PROBLEM DETAILS = Go through the data and report each line that holds the string "Selva".

MATERIAL SUPPLIED =
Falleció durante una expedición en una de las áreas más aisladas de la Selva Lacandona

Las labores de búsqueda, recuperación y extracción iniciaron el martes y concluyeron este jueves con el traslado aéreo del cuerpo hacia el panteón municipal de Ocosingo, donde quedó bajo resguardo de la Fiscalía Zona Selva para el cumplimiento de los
==
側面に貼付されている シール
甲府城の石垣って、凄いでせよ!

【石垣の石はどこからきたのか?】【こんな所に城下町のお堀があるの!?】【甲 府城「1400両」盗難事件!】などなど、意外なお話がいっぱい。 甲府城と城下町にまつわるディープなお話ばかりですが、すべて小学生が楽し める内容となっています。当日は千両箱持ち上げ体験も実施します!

ANSWER FOR THE TASK =
Falleció durante una expedición en una de las áreas más aisladas de la Selva Lacandona
Las labores de búsqueda, recuperación y extracción iniciaron el martes y concluyeron este jueves con el traslado aéreo del cuerpo hacia el panteón municipal de Ocosingo, donde quedó bajo resguardo de la Fiscalía Zona Selva para el cumplimiento de los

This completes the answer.